### Task instructions
Once the line containing "The NETGEAR XSM4328FV-100NES" is found in the entries below, restate it and each following line word for word, stopping after the line containing "Die Gucci 1947".

### Record extracts
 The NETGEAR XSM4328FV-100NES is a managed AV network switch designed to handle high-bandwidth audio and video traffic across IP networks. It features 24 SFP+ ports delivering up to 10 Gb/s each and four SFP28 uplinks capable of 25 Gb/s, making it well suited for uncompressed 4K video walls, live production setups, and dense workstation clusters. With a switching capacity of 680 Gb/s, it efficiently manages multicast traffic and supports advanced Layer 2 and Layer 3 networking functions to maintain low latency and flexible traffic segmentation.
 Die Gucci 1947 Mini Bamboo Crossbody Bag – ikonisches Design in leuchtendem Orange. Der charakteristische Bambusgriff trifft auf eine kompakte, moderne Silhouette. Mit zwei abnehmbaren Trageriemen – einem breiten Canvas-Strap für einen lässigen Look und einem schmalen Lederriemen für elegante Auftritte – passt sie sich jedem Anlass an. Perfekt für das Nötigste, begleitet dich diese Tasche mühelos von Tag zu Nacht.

--

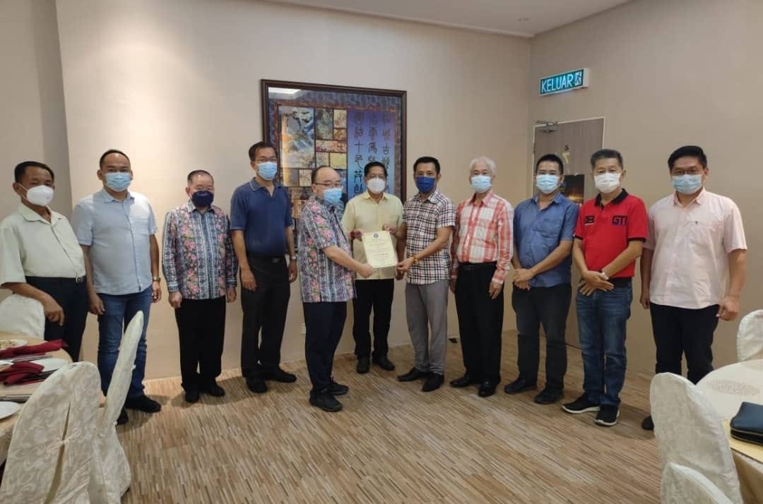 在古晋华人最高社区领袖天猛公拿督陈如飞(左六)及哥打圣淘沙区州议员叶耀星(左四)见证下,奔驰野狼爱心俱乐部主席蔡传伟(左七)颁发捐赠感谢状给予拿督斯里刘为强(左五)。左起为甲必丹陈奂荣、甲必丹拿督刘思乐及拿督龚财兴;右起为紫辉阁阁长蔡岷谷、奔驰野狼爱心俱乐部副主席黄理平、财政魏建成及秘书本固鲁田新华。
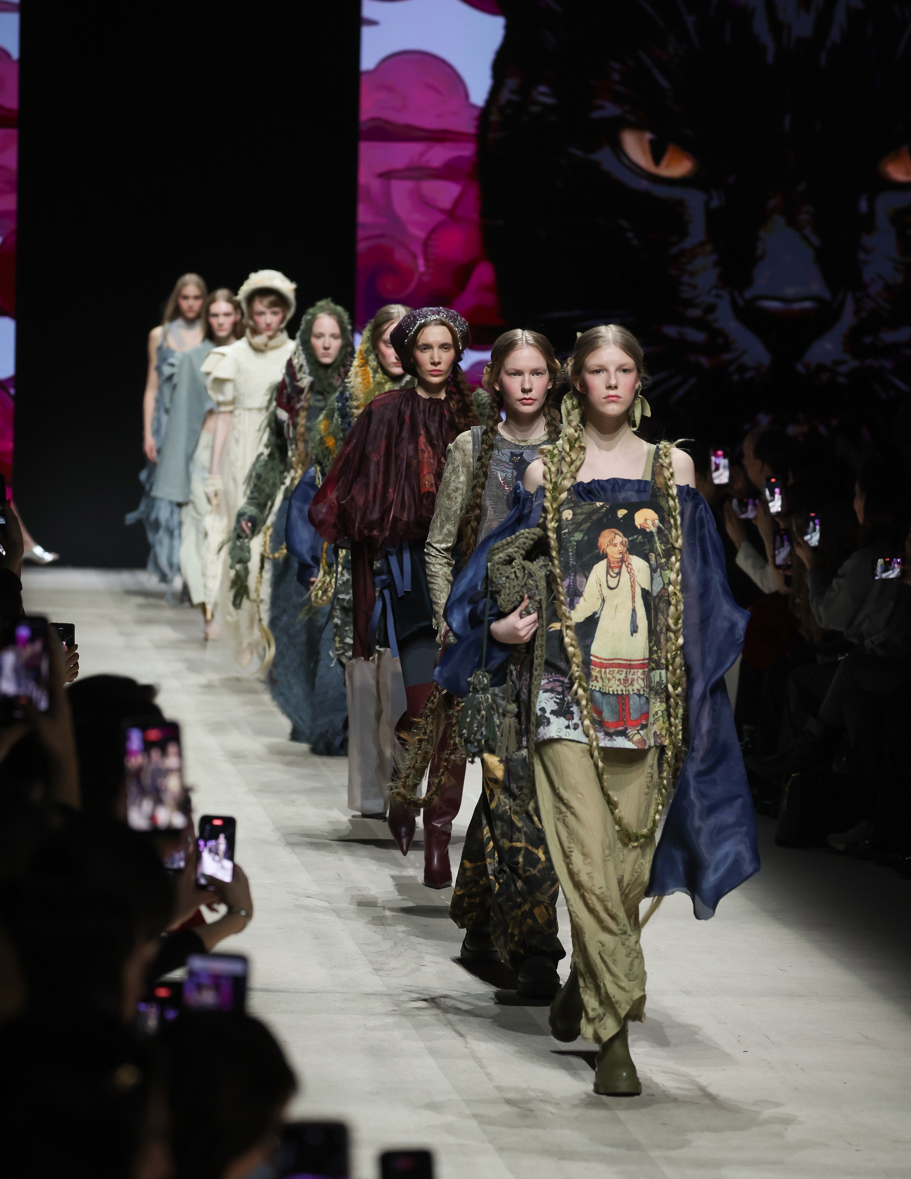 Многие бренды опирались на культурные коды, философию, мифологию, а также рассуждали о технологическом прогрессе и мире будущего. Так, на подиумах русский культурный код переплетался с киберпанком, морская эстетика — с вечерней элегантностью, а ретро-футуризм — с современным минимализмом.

### Exercise answer
 The NETGEAR XSM4328FV-100NES is a managed AV network switch designed to handle high-bandwidth audio and video traffic across IP networks. It features 24 SFP+ ports delivering up to 10 Gb/s each and four SFP28 uplinks capable of 25 Gb/s, making it well suited for uncompressed 4K video walls, live production setups, and dense workstation clusters. With a switching capacity of 680 Gb/s, it efficiently manages multicast traffic and supports advanced Layer 2 and Layer 3 networking functions to maintain low latency and flexible traffic segmentation.
 Die Gucci 1947 Mini Bamboo Crossbody Bag – ikonisches Design in leuchtendem Orange. Der charakteristische Bambusgriff trifft auf eine kompakte, moderne Silhouette. Mit zwei abnehmbaren Trageriemen – einem breiten Canvas-Strap für einen lässigen Look und einem schmalen Lederriemen für elegante Auftritte – passt sie sich jedem Anlass an. Perfekt für das Nötigste, begleitet dich diese Tasche mühelos von Tag zu Nacht.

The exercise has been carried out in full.